__The input__:
==========

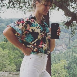 Vintage Tropical Print Button Down - M/L
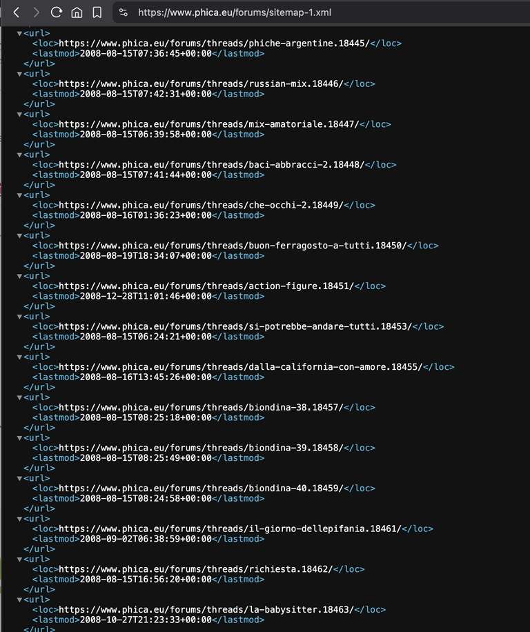1) la sitemap di phica è sempre li, al suo posto, con tutti i link in bella evidenza e sono quindi indicizzati tutti i thread (il titolo) e tutti gli url degli album originariamente presenti. Contengono dati personali.
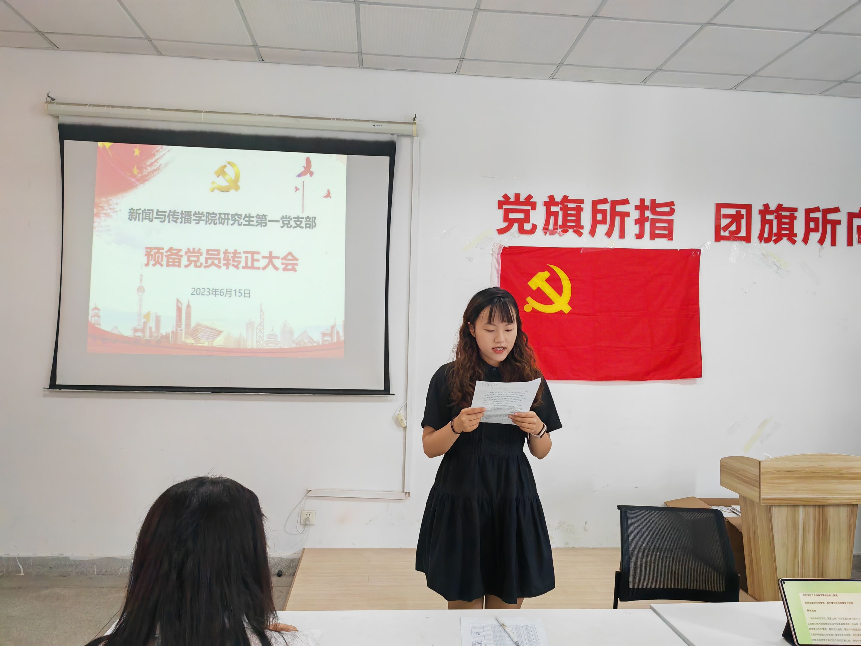 在全体党员起立奏唱国歌后,本次转正的预备党员赵晴晴、曹甜甜、吴海涛、刘波、范玥、林婷敏同学逐个向支部大会全面地汇报了自己在预备期内的表现,按照党章要求认真全面地总结了自己在理论学习、思想表现和学习、生活等各方面的表现情况,向党组织表明了自己的志愿、决心和态度。各预备党员培养联系人分别向大会介绍了对六位预备党员教育考察情况,对其能否按期转正表明了自己意见。
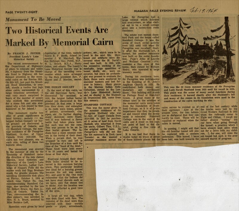 - Monument To Be Moved : Two Historical Events Are Marked By Memorial Cairn
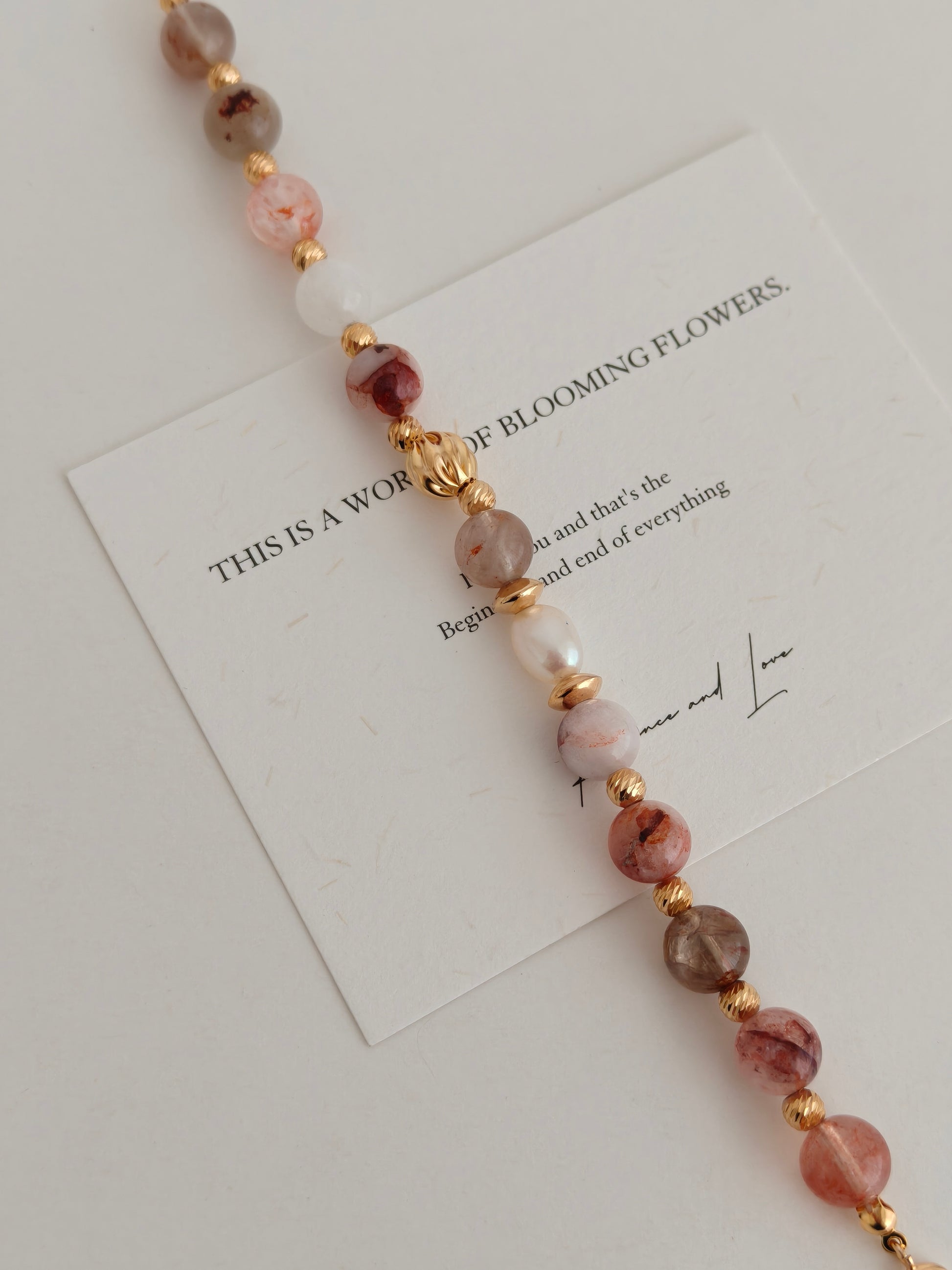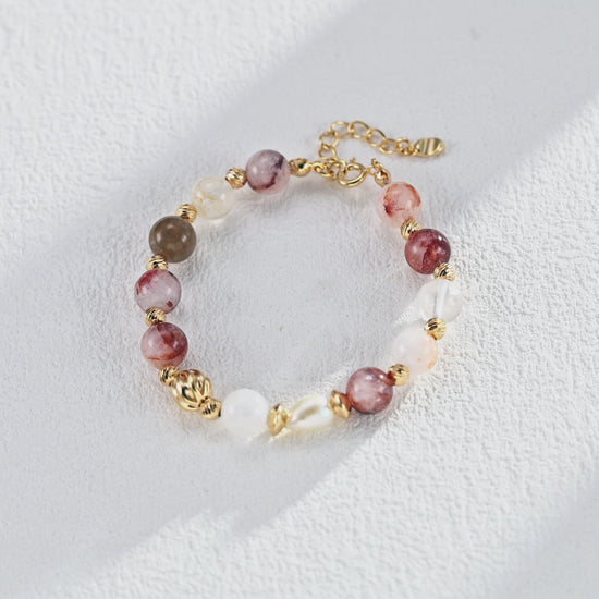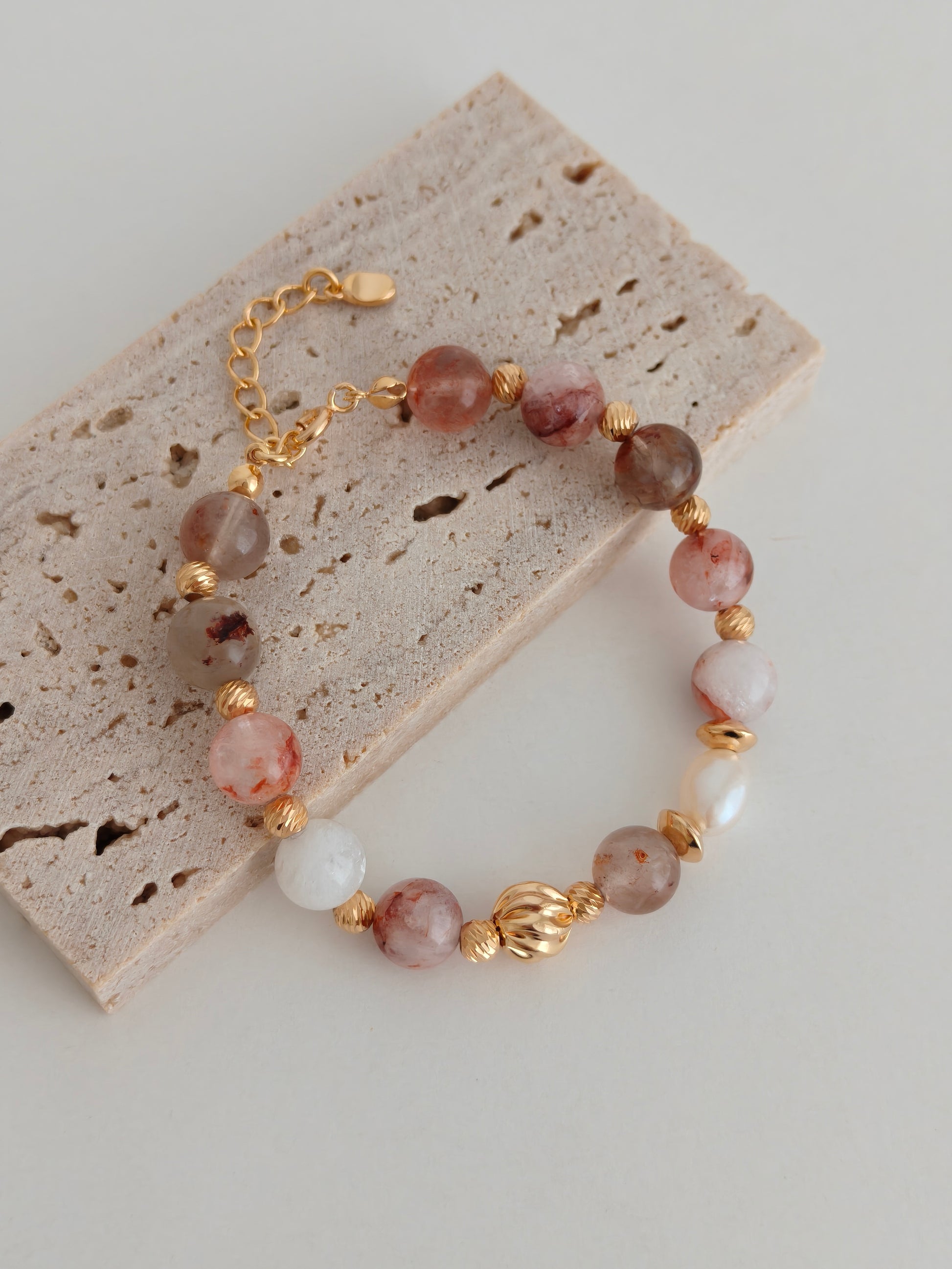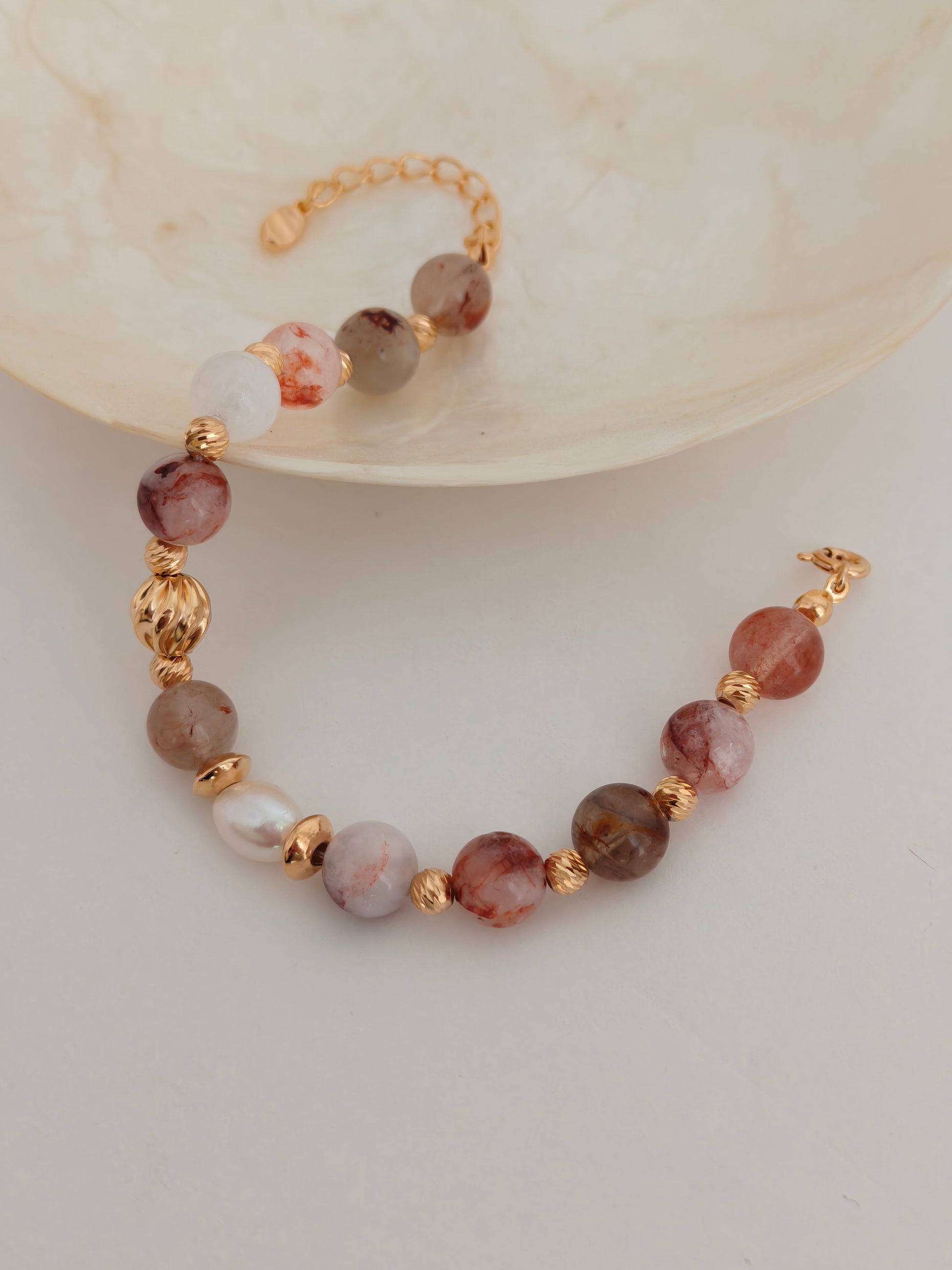 A vintage-inspired beaded bracelet featuring natural freshwater pearls paired with Red Hematoid Quartz (also known as Fire Quartz) — a distinctive natural gemstone admired for its warm red mineral inclusions and organic earthy character. Each stone displays unique internal patterns, giving every bracelet a one-of-a-kind artistic look.
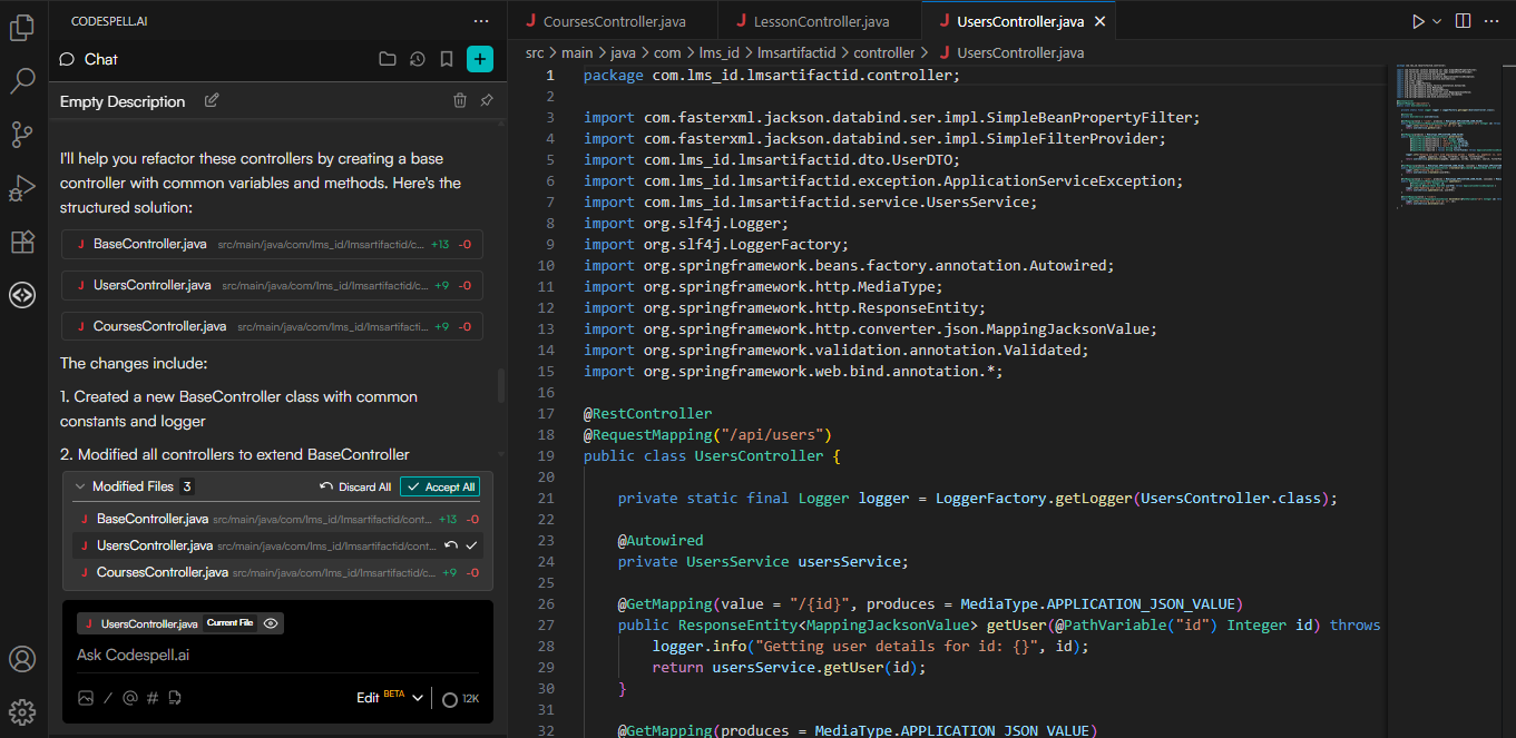 - Accept All Changes: Commit the suggested edits across every file in one action.

==========

Go to the line that contains "A vintage-inspired beaded" and copy it and every line after it through the end of the entries, exactly, without the pictures.

__Solution for this exercise__:
 A vintage-inspired beaded bracelet featuring natural freshwater pearls paired with Red Hematoid Quartz (also known as Fire Quartz) — a distinctive natural gemstone admired for its warm red mineral inclusions and organic earthy character. Each stone displays unique internal patterns, giving every bracelet a one-of-a-kind artistic look.
 - Accept All Changes: Commit the suggested edits across every file in one action.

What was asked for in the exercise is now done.